Joseph was in charge of the super-classified computer network at Abu
Ghraib. His job didn't take him into the isolation block, even though it
was just down the corridor, but on one occasion he was invited to see
the model planes someone had made - and also to take a look at the "high
values". (The "high values" were what the US army called the suspected
terrorists, insurgent leaders, rapists or child-molesters.) He accepted
the invitation.

The isolation block was where all the photographs were taken - the human
pyramid, and so on. Joseph turned the corner into the block.

"There were two MPs there," he told me. "And they were constantly
screaming. 'SHUT THE FUCK UP!' They were screaming at some old guy,
making him repeat a number over and over.

"'156403. 156403. 156403.'

"The guy couldn't speak English. He couldn't pronounce the numbers.

"'I CAN'T FUCKING HEAR YOU.'

"'156403. 156403.'

"'LOUDER. FUCKING LOUDER.'

"Then they saw me. 'Hey, Joseph! How are you? I CAN'T FUCKING HEAR YOU.
LOUDER.' "

Joseph said that the MPs had basically gone straight from McDonald's to
Abu Ghraib. They knew nothing. And now they were getting scapegoated
because they happened to be identifiable in the photographs. They just
did what the Military Intelligence people, Joseph's people, told them to
do. PsyOps were just a phone call away, Joseph said. And the Military
Intelligence people all had PsyOps training anyway. The thing I had to
remember about Military Intelligence was that they were the "nerdy-type
guys at school. You know. The outcasts. Couple all that with ego, and a
poster on the wall saying 'By CG Approval' - Commanding General Approval
- and suddenly you have guys who think they govern the world. That's
what one of them said to me. 'We govern the world.' "

An aide to Condoleezza Rice, the White House national security adviser,
visited the prison, to inform the interrogators sternly that they
weren't getting useful enough information from the detainees. "Then,"
Joseph said, "a whole platoon of Guantánamo people arrived.

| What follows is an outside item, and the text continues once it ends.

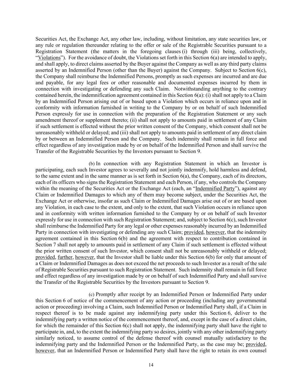 14 Securities Act, the Exchange Act, any other law, including, without limitation, any state securities law, or any rule or regulation thereunder relating to the offer or sale of the Registrable Securities pursuant to a Registration Statement (the matters in the foregoing clauses (i) through (iii) being, collectively, “Violations”). For the avoidance of doubt, the Violations set forth in this Section 6(a) are intended to apply, and shall apply, to direct claims asserted by the Buyer against the Company as well as any third party claims asserted by an Indemnified Person (other than the Buyer) against the Company. Subject to Section 6(c), the Company shall reimburse the Indemnified Persons, promptly as such expenses are incurred and are due and payable, for any legal fees or other reasonable and documented expenses incurred by them in connection with investigating or defending any such Claim. Notwithstanding anything to the contrary contained herein, the indemnification agreement contained in this Section 6(a): (i) shall not apply to a Claim by an Indemnified Person arising out of or based upon a Violation which occurs in reliance upon and in conformity with information furnished in writing to the Company by or on behalf of such Indemnified Person expressly for use in connection with the preparation of the Registration Statement or any such amendment thereof or supplement thereto; (ii) shall not apply to amounts paid in settlement of any Claim if such settlement is effected without the prior written consent of the Company, which consent shall not be unreasonably withheld or delayed; and (iii) shall not apply to amounts paid in settlement of any direct claim by or between an Indemnified Person and the Company. Such indemnity shall remain in full force and effect regardless of any investigation made by or on behalf of the Indemnified Person and shall survive the Transfer of the Registrable Securities by the Investors pursuant to Section 9. (b) In connection with any Registration Statement in which an Investor is participating, each such Investor agrees to severally and not jointly indemnify, hold harmless and defend, to the same extent and in the same manner as is set forth in Section 6(a), the Company, each of its directors, each of its officers who signs the Registration Statement and each Person, if any, who controls the Company within the meaning of the Securities Act or the Exchange Act (each, an “Indemnified Party”), against any Claim or Indemnified Damages to which any of them may become subject, under the Securities Act, the Exchange Act or otherwise, insofar as such Claim or Indemnified Damages arise out of or are based upon any Violation, in each case to the extent, and only to the extent, that such Violation occurs in reliance upon and in conformity with written information furnished to the Company by or on behalf of such Investor expressly for use in connection with such Registration Statement; and, subject to Section 6(c), such Investor shall reimburse the Indemnified Party for any legal or other expenses reasonably incurred by an Indemnified Party in connection with investigating or defending any such Claim; provided, however, that the indemnity agreement contained in this Section 6(b) and the agreement with respect to contribution contained in Section 7 shall not apply to amounts paid in settlement of any Claim if such settlement is effected without the prior written consent of such Investor, which consent shall not be unreasonably withheld or delayed; provided, further, however, that the Investor shall be liable under this Section 6(b) for only that amount of a Claim or Indemnified Damages as does not exceed the net proceeds to such Investor as a result of the sale of Registrable Securities pursuant to such Registration Statement. Such indemnity shall remain in full force and effect regardless of any investigation made by or on behalf of such Indemnified Party and shall survive the Transfer of the Registrable Securities by the Investors pursuant to Section 9. (c) Promptly after receipt by an Indemnified Person or Indemnified Party under this Section 6 of notice of the commencement of any action or proceeding (including any governmental action or proceeding) involving a Claim, such Indemnified Person or Indemnified Party shall, if a Claim in respect thereof is to be made against any indemnifying party under this Section 6, deliver to the indemnifying party a written notice of the commencement thereof, and, except in the case of a direct claim, for which the remainder of this Section 6(c) shall not apply, the indemnifying party shall have the right to participate in, and, to the extent the indemnifying party so desires, jointly with any other indemnifying party similarly noticed, to assume control of the defense thereof with counsel mutually satisfactory to the indemnifying party and the Indemnified Person or the Indemnified Party, as the case may be; provided, however, that an Indemnified Person or Indemnified Party shall have the right to retain its own counsel

The word got
around. 'Oh God, the Gitmo guys are here.' Bam! There they were. They
took the place over." Perhaps Guantánamo Bay was Experimental Lab Mark
1, and whatever esoteric techniques worked there were exported to Abu
Ghraib.

Perhaps this is the way it happened: in the late 1970s Jim Channon,
traumatised from Vietnam, sought solace in the emerging human potential
movement of California. He took his ideas back into the army and they
struck a chord with the top brass who had never before seen themselves
as New Age, but in their post-Vietnam funk it all made sense to them.
Then, over the decades that followed, the army, being what it is,
recovered its strength and saw that some of the ideas contained within
Jim's manual could be used to shatter people rather than heal them.
Those are the ideas that live on in the war on terror

© Jon Ronson, 2004.

· This is an edited extract from The Men Who Stare At Goats, by Jon
Ronson, published by Picador on November 19 at £16.99. To order a copy
for £16.14, with free UK p&p, call 0870 836 0875. Jon Ronson's
three-part television series, The Crazy Rulers Of The World, starts on
Channel 4 on November 7.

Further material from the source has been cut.